The period \( T \) of the motion is given by \( \displaystyle T = \frac{2 \pi}{n} \).
Example 1
A particle moves in a straight line. Its displacement, \( x \) metres, after \( t \) seconds is given by \( \displaystyle x = 3 + 4 \cos \left(2t + \frac{\pi}{3} \right) \).
(a) Find the centre of the motion.
\( \begin{align} \require{AMSsymbols} \displaystyle x &= \color{red}{3} + 4 \cos \left(2t + \frac{\pi}{3} \right) \\ \therefore x &= 3 \end{align} \)
(b) Find the period of the motion.
\( \begin{align} \require{AMSsymbols} \displaystyle x &= 3 + 4 \cos \left(\color{red}{2}t + \frac{\pi}{3} \right) \\ T&= \frac{2 \pi}{\color{red}{2}} \\ \therefore T &= \pi \end{align} \)
(c) Find the amplitude of the motion.
\( \begin{align} \require{AMSsymbols} \displaystyle x &= 3 + \color{red}{4} \cos \left(2t + \frac{\pi}{3} \right) \\ \therefore A &= 4 \end{align} \)
(d) Find the interval of the motion.
\( \begin{align} \require{AMSsymbols} \displaystyle -1 &\le \cos \left(2t + \frac{\pi}{3} \right) \le 1 \\ -4 &\le 4 \cos \left(2t + \frac{\pi}{3} \right) \le 4 \\ -1 &\le 3 + 4 \cos \left(2t + \frac{\pi}{3} \right) \le 7 \\ \therefore -1 &\le x \le 7 \end{align} \)
(e) Find the first time when the particle is at the centre.
\( \begin{align} \require{AMSsymbols} \displaystyle 3 + 4 \cos \left(2t + \frac{\pi}{3} \right) &= 3 \\ 4 \cos \left(2t + \frac{\pi}{3} \right) &= 0 \\ \cos \left(2t + \frac{\pi}{3} \right) &= 0 \\ 2t + \frac{\pi}{3} &= \frac{\pi}{2} \\ 2t &= \frac{\pi}{2}-\frac{\pi}{3} \\ &= \frac{\pi}{6} \\ \therefore t &= \frac{\pi}{12} \end{align} \)
(f) Find the first time the particle is at the maximum displacement.
\( \begin{align} \require{AMSsymbols} \displaystyle 3 + 4 \cos \left(2t + \frac{\pi}{3} \right) &= 7 \\ 4 \cos \left(2t + \frac{\pi}{3} \right) &= 4 \\ \cos \left(2t + \frac{\pi}{3} \right) &= 1 \\ 2t + \frac{\pi}{3} &= 2 \pi \\ 2t &= 2 \pi-\frac{\pi}{3} \\ &= \frac{5 \pi}{3} \\ \therefore t &= \frac{5 \pi}{6} \end{align} \)
Example 2
A particle moves in a straight line.
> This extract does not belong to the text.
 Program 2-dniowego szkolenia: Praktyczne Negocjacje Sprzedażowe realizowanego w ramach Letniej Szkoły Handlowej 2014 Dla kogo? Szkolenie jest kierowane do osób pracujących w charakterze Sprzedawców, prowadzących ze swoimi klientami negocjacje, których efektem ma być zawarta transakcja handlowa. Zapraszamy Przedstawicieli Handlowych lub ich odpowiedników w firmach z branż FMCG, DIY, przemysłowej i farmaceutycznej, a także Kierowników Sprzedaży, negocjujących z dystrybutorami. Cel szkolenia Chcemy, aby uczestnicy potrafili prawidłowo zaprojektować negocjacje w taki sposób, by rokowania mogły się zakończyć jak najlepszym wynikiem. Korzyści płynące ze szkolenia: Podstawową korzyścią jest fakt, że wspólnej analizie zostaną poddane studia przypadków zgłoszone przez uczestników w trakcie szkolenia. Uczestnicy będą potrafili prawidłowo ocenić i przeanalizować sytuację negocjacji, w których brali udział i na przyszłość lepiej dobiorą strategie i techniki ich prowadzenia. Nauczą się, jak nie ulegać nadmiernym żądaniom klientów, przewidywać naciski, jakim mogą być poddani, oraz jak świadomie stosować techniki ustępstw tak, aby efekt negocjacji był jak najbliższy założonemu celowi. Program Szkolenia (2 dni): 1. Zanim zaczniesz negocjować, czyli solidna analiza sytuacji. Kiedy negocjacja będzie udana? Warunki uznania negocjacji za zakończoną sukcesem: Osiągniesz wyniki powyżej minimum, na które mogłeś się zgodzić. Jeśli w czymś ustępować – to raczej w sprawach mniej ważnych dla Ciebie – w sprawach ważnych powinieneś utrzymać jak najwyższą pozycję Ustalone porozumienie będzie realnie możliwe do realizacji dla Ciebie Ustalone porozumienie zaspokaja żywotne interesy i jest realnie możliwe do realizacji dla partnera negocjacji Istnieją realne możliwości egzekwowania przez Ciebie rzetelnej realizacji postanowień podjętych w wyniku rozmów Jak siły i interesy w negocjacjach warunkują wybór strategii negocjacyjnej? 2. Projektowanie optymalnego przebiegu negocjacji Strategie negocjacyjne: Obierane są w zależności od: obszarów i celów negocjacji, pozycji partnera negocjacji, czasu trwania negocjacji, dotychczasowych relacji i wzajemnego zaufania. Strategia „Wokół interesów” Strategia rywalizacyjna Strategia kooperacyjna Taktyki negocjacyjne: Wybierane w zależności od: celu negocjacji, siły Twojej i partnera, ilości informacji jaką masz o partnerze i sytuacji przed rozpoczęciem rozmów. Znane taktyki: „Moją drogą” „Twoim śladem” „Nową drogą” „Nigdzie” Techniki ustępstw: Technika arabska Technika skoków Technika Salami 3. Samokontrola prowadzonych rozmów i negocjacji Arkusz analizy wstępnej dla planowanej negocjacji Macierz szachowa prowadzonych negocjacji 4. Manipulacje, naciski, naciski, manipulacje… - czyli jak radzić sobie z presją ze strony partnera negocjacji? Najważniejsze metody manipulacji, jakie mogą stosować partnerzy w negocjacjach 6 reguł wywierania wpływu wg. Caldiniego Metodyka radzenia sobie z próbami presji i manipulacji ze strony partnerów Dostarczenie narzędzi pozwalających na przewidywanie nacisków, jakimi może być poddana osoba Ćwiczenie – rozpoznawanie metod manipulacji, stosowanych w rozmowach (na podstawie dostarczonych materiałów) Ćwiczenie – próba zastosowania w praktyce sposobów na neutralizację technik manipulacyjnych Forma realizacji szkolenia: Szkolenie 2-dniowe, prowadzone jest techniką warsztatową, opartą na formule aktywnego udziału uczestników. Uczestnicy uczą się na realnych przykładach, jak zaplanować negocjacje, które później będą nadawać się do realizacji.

Its displacement, \( x \) metres, after \( t \) seconds is given by \( x = \sqrt{3} \sin 2t-\cos 2t + 3 \).
(a) Express \( \ddot{x} \), the acceleration, in terms of \( x \).
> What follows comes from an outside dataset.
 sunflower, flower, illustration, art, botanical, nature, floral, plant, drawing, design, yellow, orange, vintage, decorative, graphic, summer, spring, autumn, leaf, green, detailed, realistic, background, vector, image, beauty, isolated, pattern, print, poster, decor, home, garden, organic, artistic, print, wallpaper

\( \begin{align} \displaystyle x &= \sqrt{3} \sin 2t-\cos 2t + 3 \\ \dot{x} &= \frac{dx}{dt} \\ &= 2 \sqrt{3} \cos 2t + 2 \sin 2t \\ \ddot{x} &= \frac{d^2x}{dt^2} \\ &= -4 \sqrt{3} \sin 2t + 4 \cos 2t \\ &= -4 \left(\sqrt{3} \sin 2t-\cos 2t \right) \\ \require{ASMsymbols} \therefore \ddot{x} &= -4 \left(x-3 \right) \end{align} \)
(b) Find the centre of the motion.
\( x = 3 \)
(c) Find the period of the motion.
\( \begin{align} \displaystyle \ddot{x} &= -4(x-3) \\ &= -2^2 (x-3) \\ n &= 2 \\ T &= \frac{2 \pi}{n} \\ &= \frac{2 \pi}{2} \\ &= \pi \text{ seconds} \end{align} \)
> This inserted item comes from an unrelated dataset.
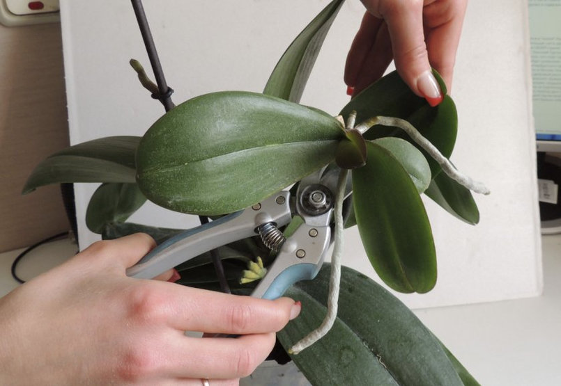 Det foretrukne verktøyet er en beskjæringsaks som forårsaker minimal skade på orkideen.

(d) Express the velocity of the particle in the form \( \dot{x} = A \cos (2t – \theta) \).
\( \begin{align} \displaystyle A \cos (2t-\theta) &= A (\cos 2t \cos \theta + \sin 2t \sin \theta) \\ \dot{x} &= 2 \sqrt{3} \cos 2t + 2 \sin 2t \\ A \cos \theta &= 2 \sqrt{3} \\ A \sin \theta &= 2 \\ \tan \theta &= \frac{A \sin \theta}{A \cos \theta} \\ &= \frac{2}{2 \sqrt{3}} \\ &= \frac{1}{\sqrt{3}} \\ \therefore \theta &= \frac{\pi}{6} \\ A^2 \cos^2 \theta + A^2 \sin^2 \theta &= \left(2\sqrt{3} \right)^2 + 2^2 \\ A^2(\cos^2 \theta + \sin^2 \theta) &= 12 + 4 \\ A^2 &= 16 \\ A &= 4 &A\gt 0 \\ \therefore \dot{x} &= 4 \cos \left(2t-\frac{\pi}{6} \right) \end{align} \)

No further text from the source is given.